Median time to progression increased 71 percent, from 6.24 months in the chemo arm to 10.6 months in the Avastin plus chemo arm (p<0.00001). Avastin plus chemo improved overall response rates from 35 percent in the group receiving chemo alone to 45 percent with Avastin plus chemo (p=0.0029). Duration of response jumped to 10.4 months with Avastin plus chemo from 7.1 months with chemo alone (p=0.0014).

Genentech said it is in talks with the FDA regarding the filing of a biologics license application for the drug. Was the company surprised by the good data, given the rumblings about trouble?

"No," said Neil Cohen, associate director of corporate relations for Genentech. "If you look at the Phase II data we had, the colorectal and the renal data, they were positive. We did have adverse events in lung [cancer trials]," he acknowledged, and the missed endpoint in a breast cancer trial - but the company always believed the drug would work differently in each tumor type, Cohen told BioWorld Financial Watch.

The third major newsmaker at ASCO was, like Erbitux, an EGFR drug. And, like Avastin, it's from Genentech.

That drug is Tarceva (erlotinib), being developed in Phase III trials against non-small-cell lung cancer (and in other trials for other indications) in a three-way deal with OSI Pharmaceuticals Inc. and Roche Holdings Inc.

Especially impressive - though early - were data from a Phase I study against brain cancer. Colin Goddard, CEO of OSI, allowed that the dose-ranging study was "not necessarily designed to maximize a search for activity," but noted the results were satisfying enough for Genentech to commit to a Phase II study with OSI.

The approval in May of Iressa (gefitinib), AstraZeneca plc's tyrosine kinase inhibitor pill for advanced NSCLC, shone a spotlight on EGFRs, but Genentech's Cohen said there's room for more than one.

"The drugs are different and we think the results will bear that out," he said.

Final data from a pair of Phase III studies of Tarceva in combination with paclitaxel and carboplatin against NSCLC as a front-line therapy are expected in July.

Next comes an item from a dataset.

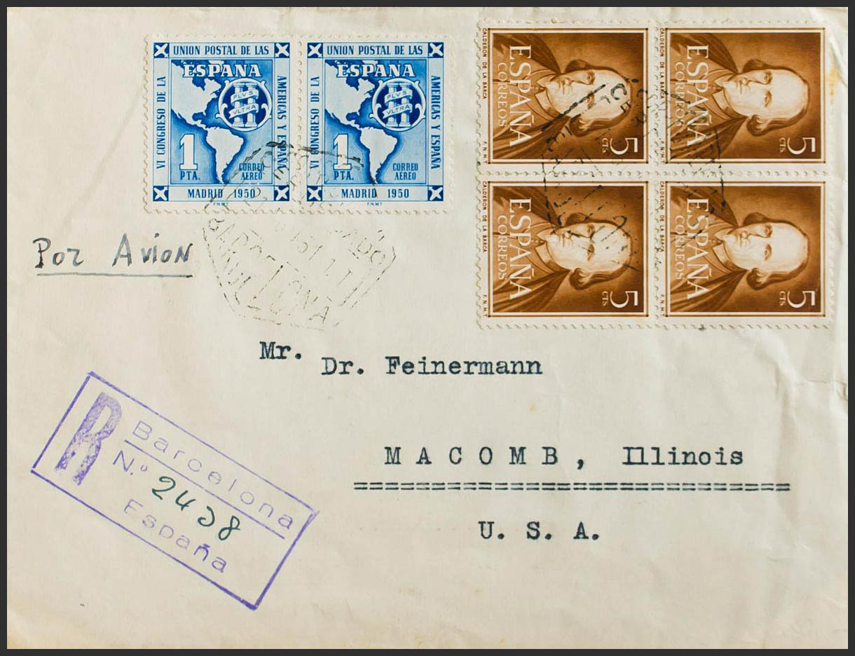 1071(4), 1091(2). 1951. 5 chestnut cts, block of four and 1 blue pts, two stamps. Certificate from BARCELONA to MACOMB (USA). On the back arrival. MAGNIFICENT.

Another key in cancer is a way to manage side effects of chemotherapy, and ASCO highlighted advances there, too. MGI Pharma Inc. offered data from a Phase III program showing its 5-HT3 antagonist palonosetron (for which a new drug application was submitted last year) beat GlaxoSmithKline plc's market leader Zofran (ondansetron) for chemo-induced nausea and vomiting.

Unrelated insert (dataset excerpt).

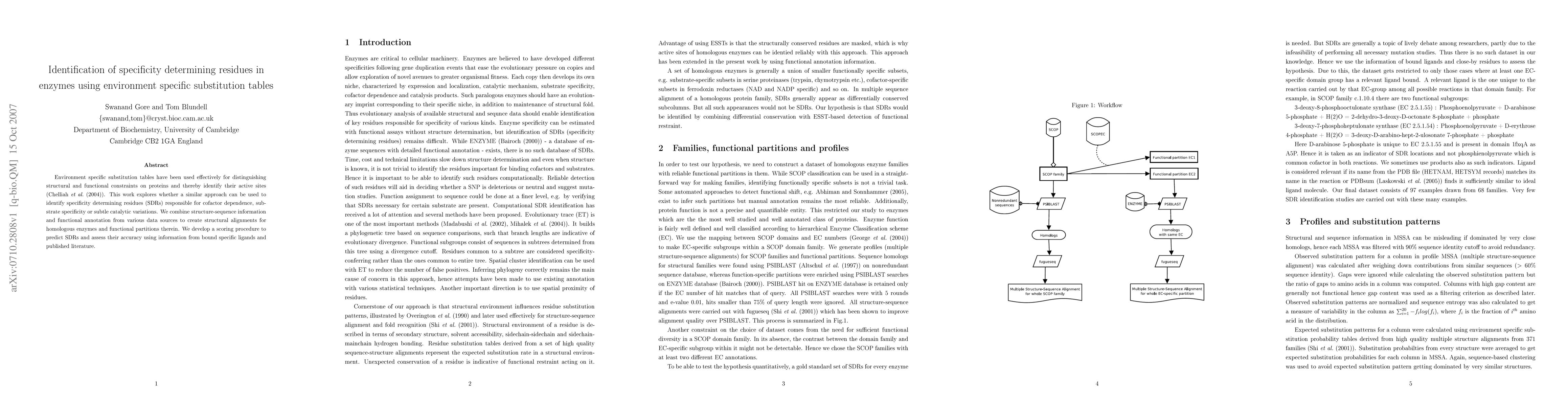 Environment specific substitution tables have been used effectively for distinguishing structural and functional constraints on proteins and thereby identify their active sites (Chelliah et al. (2004)). This work explores whether a similar approach can be used to identify specificity determining residues (SDRs) responsible for cofactor dependence, substrate specificity or subtle catalytic variations. We combine structure-sequence information and functional annotation from various data sources to create structural alignments for homologous enzymes and functional partitions therein. We develop a scoring procedure to predict SDRs and assess their accuracy using information from bound specific ligands and published literature.

MGI wants to nudge Zofran aside, along with the anti-nausea drugs Anzemet (dolasetron mesylate) from Aventis Pharmaceuticals Inc. and Kytril (granisetron) from Hoffmann-La Roche Inc.

Mucositis, another chemo side effect and one for which there is no approved treatment, is the target of Amgen Inc.'s recombinant keratinocyte growth factor palifermin, for which pivotal Phase III data were disclosed at ASCO.

Compared to placebo, the drug reduced the duration and incidence of severe oral mucositis three times better in patients with hematologic malignancies undergoing high-dose chemotherapy, radiotherapy and total body irradiation followed by hematopoietic stem cell support.

Such drugs will provide valuable backing for chemotherapy and for the likes of Erbitux, Avastin and Tarceva, as the "multi-modality" approach marches ahead, Cunningham predicted.

"We'll see fine-tuning of the management of advanced disease and the very rapid development of these [new anticancer] agents into the adjuvant setting," he said. "Progress is slow, but progress is real."